URL: http://arxiv.org/abs/2304.04041v1
Date: Sat, 8 Apr 2023 15:24:57 GMT
Title: RescueSNN: Enabling Reliable Executions on Spiking Neural Network Accelerators under Permanent Faults
Authors: Rachmad Vidya Wicaksana Putra, Muhammad Abdullah Hanif, Muhammad Shafique
Abstract summary: RescueSNN is a novel methodology to mitigate permanent faults in the compute engine of SNN chips. RescueSNN improves accuracy by up to 80% while maintaining the throughput reduction below 25% in high fault rate.
Score: 15.115813664357436
License: http://arxiv.org/licenses/nonexclusive-distrib/1.0/
Abstract: To maximize the performance and energy efficiency of Spiking Neural Network (SNN) processing on resource-constrained embedded systems, specialized hardware accelerators/chips are employed. However, these SNN chips may suffer from permanent faults which can affect the functionality of weight memory and neuron behavior, thereby causing potentially significant accuracy degradation and system malfunctioning. Such permanent faults may come from manufacturing defects during the fabrication process, and/or from device/transistor damages (e.g., due to wear out) during the run-time operation. However, the impact of permanent faults in SNN chips and the respective mitigation techniques have not been thoroughly investigated yet. Toward this, we propose RescueSNN, a novel methodology to mitigate permanent faults in the compute engine of SNN chips without requiring additional retraining, thereby significantly cutting down the design time and retraining costs, while maintaining the throughput and quality.

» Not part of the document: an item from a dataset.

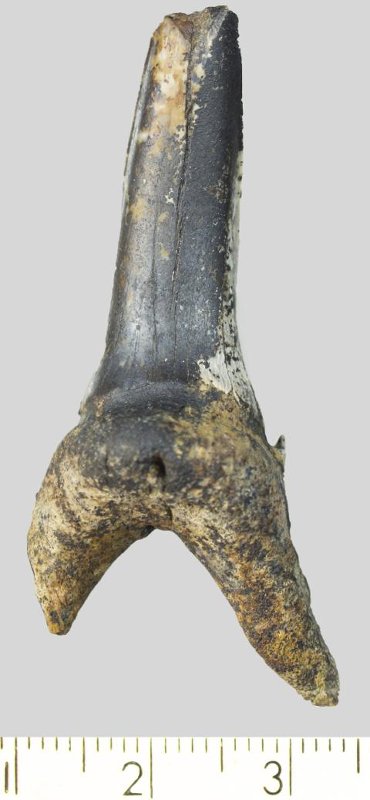 Зуб. Акула. Hispidaspis sp. Классификация: Хордовые Chordata, Позвоночные Vertebrata, Хрящевые рыбы Chondrichthyes, Пластиножаберные Elasmobranchii

The key ideas of our RescueSNN methodology are (1) analyzing the characteristics of SNN under permanent faults; (2) leveraging this analysis to improve the SNN fault-tolerance through effective fault-aware mapping (FAM); and (3) devising lightweight hardware enhancements to support FAM. Our FAM technique leverages the fault map of SNN compute engine for (i) minimizing weight corruption when mapping weight bits on the faulty memory cells, and (ii) selectively employing faulty neurons that do not cause significant accuracy degradation to maintain accuracy and throughput, while considering the SNN operations and processing dataflow. The experimental results show that our RescueSNN improves accuracy by up to 80% while maintaining the throughput reduction below 25% in high fault rate (e.g., 0.5 of the potential fault locations), as compared to running SNNs on the faulty chip without mitigation.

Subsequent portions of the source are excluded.